What Nest handles for you

  • Quarterly federal tax payments to the IRS via EFTPS
  • W-3 + Copy A of W-2 filed with the Social Security Administration
  • Quarterly Maine UC-1 filings with Maine DOL once registration applies
  • Quarterly Maine Paid Leave wage reports
  • 941ME / W-3ME filings with Maine Revenue Services once state withholding applies
With Nest Payroll: Your tax forms are generated automatically and appear in your Tax Summary by the end of January.
Bonuses and vacation payouts: Bonuses and vacation payouts are included on your employee's W-2 and taxed through regular payroll withholding calculations.

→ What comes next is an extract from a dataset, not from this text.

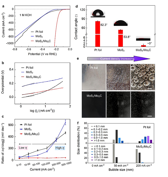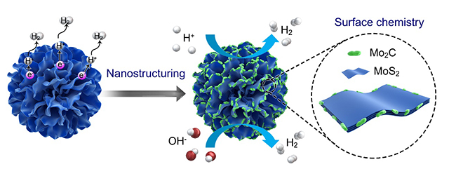 清华新闻网1月18日电 1月17日,清华-伯克利深圳学院刘碧录、邹小龙、成会明团队在《自然·通讯》 (Nature Communications)期刊上在线发表了题为“调控结构及表面化学制备pH普适大电流产氢电催化剂”(Morphology and Surface Chemistry Engineering for pH-Universal Catalysts toward Hydrogen Evolution at Large Current Density)的研究论文。该研究通过设计和制备三种模型电催化剂(包括贵金属Pt、具有微纳结构的MoS2微球、具有微纳结构且表面化学成分优化的MoS2/Mo2C异质结微球),揭示了电催化剂微观结构及表面化学对大电流密度电解水产氢性能的影响。
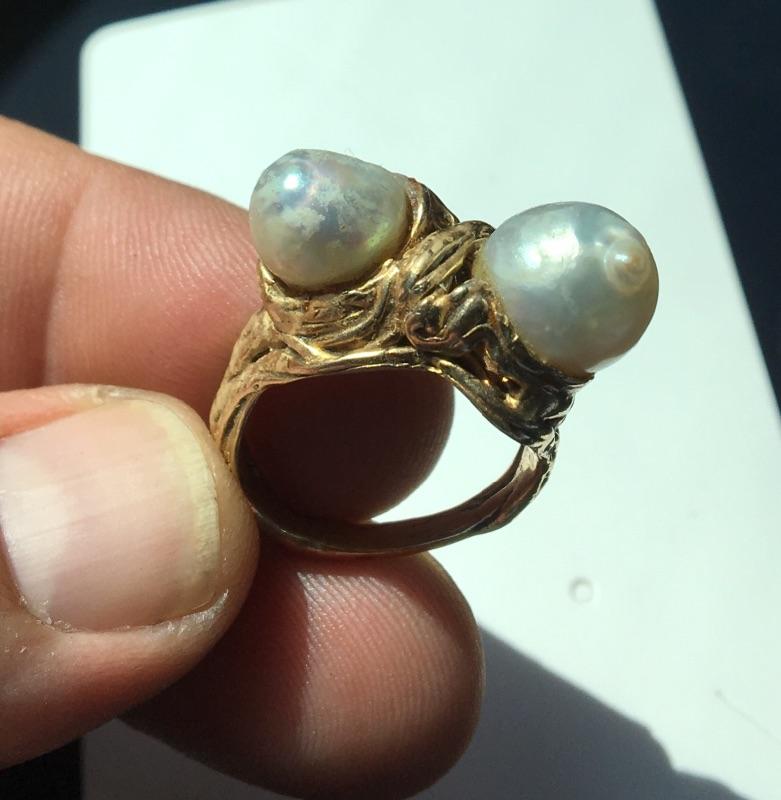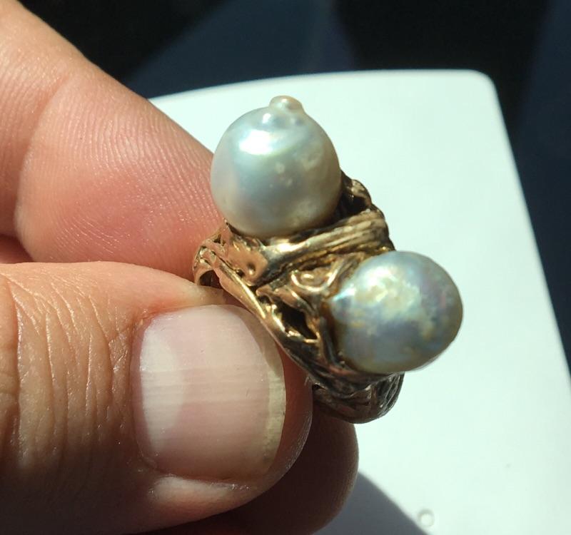 Custom Design 14k Gold Ring 9 grams with Large Pearls

Tax breaks for household employers

Two federal tax breaks may help offset your nanny payroll costs:

1. Dependent Care FSA (DCFSA). Through your employer's benefits, you can set aside up to $7,500/year (2026 OBBBA increase from $5,000) in pre-tax dollars to pay for childcare for kids under 13. This typically saves 25–35% on the contributed amount, depending on your federal + state tax bracket.
2. Child & Dependent Care Tax Credit. On your federal Form 1040, claim 20–35% of qualifying childcare expenses (up to $3,000 for one child / $6,000 for two or more). The percentage scales based on your AGI.

For nannies caring for school-aged kids, families often use the DCFSA first (better tax savings for most), then claim the credit on any expenses above the FSA limit. Note: you cannot claim the same expenses under both — but you can split them.

Resources & free tools

The information on this page is general in nature and not tax, legal, or financial advice. Maine rules change. Verify current rates and rules at Maine Revenue Services, ME Department of Labor, and ME Paid Family & Medical Leave, or consult a tax advisor.